Кого только из писателей, художников, актеров не видели и не слышали эти низкие, пестро раскрашенные стены. Здесь чествовали «короля французских поэтов» Поля Фора и главаря итальянских футуристов Маринетти, Макса Линдера и Эмиля Верхарна. Здесь показывали себя первейшие петербургские красавицы и самые изысканные франты.

Наши девы, наши дамы —
Что за прелесть глаз и губ!
Цех поэтов – всё «Адамы»,
Всяк приятен и не груб.
Не боясь собачьей ямы,
Наши шумы, наши гамы
Посещает, посещает, посещает Сологуб, —

дребезжащим голоском напевал «собачий гимн» собственного сочинения Михаил Кузмин.

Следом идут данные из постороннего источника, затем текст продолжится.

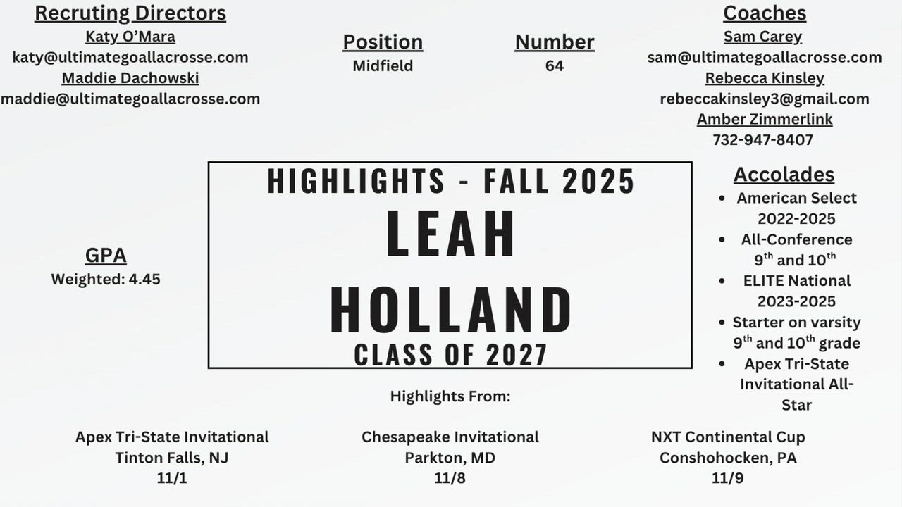 Contact Info: mackenziewalker41@gmail.com Instagram: @mackenziewalkerlax Edited by Billy Clouse
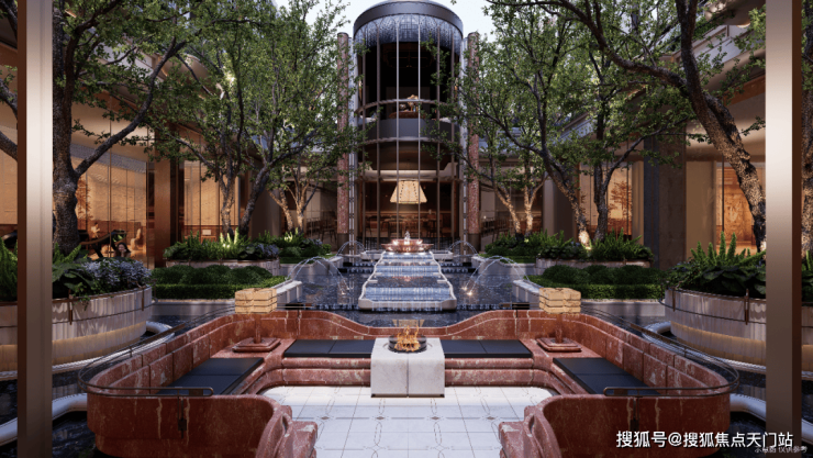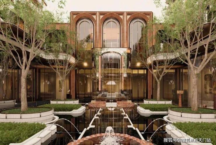 项目采用“围合+轴线”布局,重现了海派里弄的围合感与街区韵律,暖色贝金米黄石材搭配红洞石墙面,融合性新海派风格在前滩元境中获得系统性的诠释,放佛一座微型衡复风貌区,唤醒城市记忆。

И, конечно, в подвал валом валила жадная до зрелищ и тем более до нравов богемы состоятельная публика. Этих посетителей здесь презрительно именовали «фармацевтами», но обойтись без них не могли, – иначе «Собака» прогорела бы. В особых случаях Пронин заламывал с «фармацевтов» неслыханные цены – по четвертному билету с персоны, – и те платили безропотно.

Блок не был в «Бродячей собаке» ни разу, как ни завлекали его, и других «горячо убеждал не ходить и не поощрять».

Правда, один раз он чуть было не принял участия в делах подвала, но этот случай лучше всего иллюстрирует его отношение к тамошним эстетам и снобам. «Люба просит написать ей монолог для произнесения на Судейкинском вечере в „Бродячей собаке“ (игорный дом в Париже сто лет назад). Я задумал написать монолог женщины (безумной?), вспоминающей революцию. Она стыдит собравшихся».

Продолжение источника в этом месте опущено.